Pub Date : 2024-07-05DOI: 10.1109/TNS.2024.3424201
Ivan Slipukhin;Andrea Coronetti;Rubén García Alía;Frédéric Saigné;Jérôme Boch;Luigi Dilillo;Ygor Q. Aguiar;Carlo Cazzaniga;Maria Kastriotou;Torran Dodd
System-level testing of electronics is an affordable method of assessment of the performance of complete electronic systems designed for applications in the radiation environment. Compared to component-level testing, system-level test offers a much smaller degree of observability about the performance of particular system elements. The information received during the irradiation of a system might be therefore not sufficient for the identification of every system under test (SUT) malfunction.
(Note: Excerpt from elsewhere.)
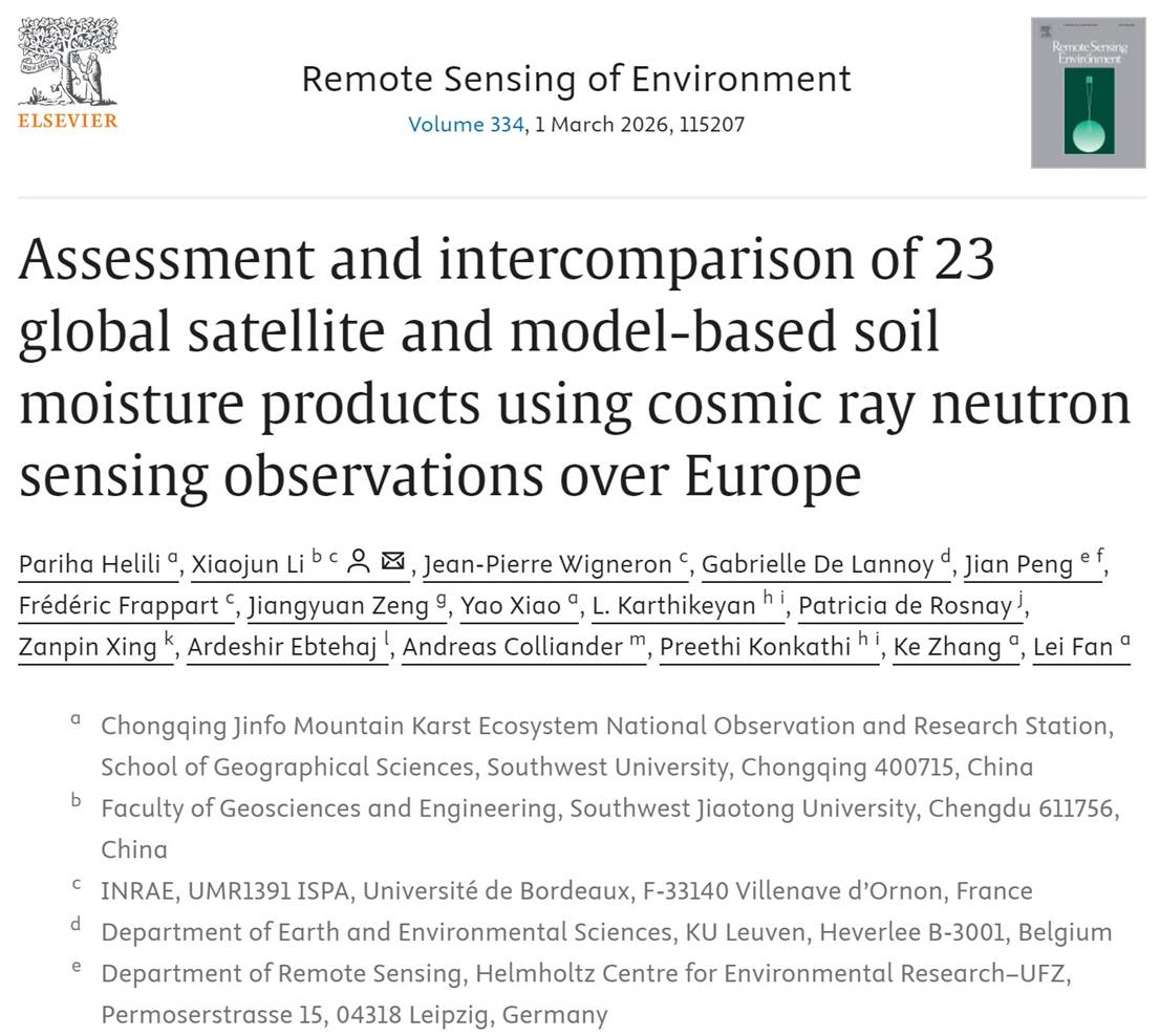 近日,樊磊教授团队在国际遥感领域TOP期刊Remote Sensing of Environment(IF=11.4)上发表了题为“Assessment and intercomparison of 23 global satellite and model-based soil moisture products using cosmic ray neutron sensing observations over Europe”的最新研究成果。系统评估不同来源土壤水分产品的性能差异,对于推动全球土壤水分产品算法的持续改进和促进其在水文、气候与生态等领域的应用具有重要意义。

As a consequence, no action might be taken to recover the system operation while certain parts of its functionality would be lost due to the radiation-induced effects. This can lead to the incorrect execution of the system-level test and improper conclusions about radiation-induced effects. The present paper demonstrates a method allowing an efficient identification of system-level failures based on the system total current consumption monitoring. The proposed technique can be easily implemented with common instrumentation and at the same time provides valuable feedback on SUT operation. The retrieved current consumption information can be used to identify system failures that may be not observable through the communication channels that are by default included in the tested setup. Furthermore, the posttest analysis can be performed on the collected data to investigate the SUT condition along the complete timeline of its irradiation. The verification of the proposed method was performed during the qualification test of a system designed for applications at the high-energy particle accelerator facility.
电子产品的系统级测试是评估为辐射环境应用而设计的完整电子系统性能的一种经济实惠的方法。与元件级测试相比,系统级测试对特定系统元件性能的可观测性要小得多。因此,系统辐照期间获得的信息可能不足以识别每个被测系统(SUT)的故障。因此,可能不会采取任何措施来恢复系统运行,而系统的某些部分功能却会因辐射引起的影响而丧失。这可能会导致系统级测试的错误执行,以及对辐射诱发效应得出不恰当的结论。本文展示了一种基于系统总电流消耗监测的系统级故障有效识别方法。所提出的技术可以通过普通仪器轻松实现,同时还能提供有关 SUT 运行情况的宝贵反馈。检索到的电流消耗信息可用于识别系统故障,这些故障可能无法通过通信通道观测到,而通信通道默认包含在测试设置中。此外,还可以对收集到的数据进行测试后分析,以调查 SUT 在整个辐照时间段内的状况。在对一个为高能粒子加速器应用而设计的系统进行鉴定测试时,对所提出的方法进行了验证。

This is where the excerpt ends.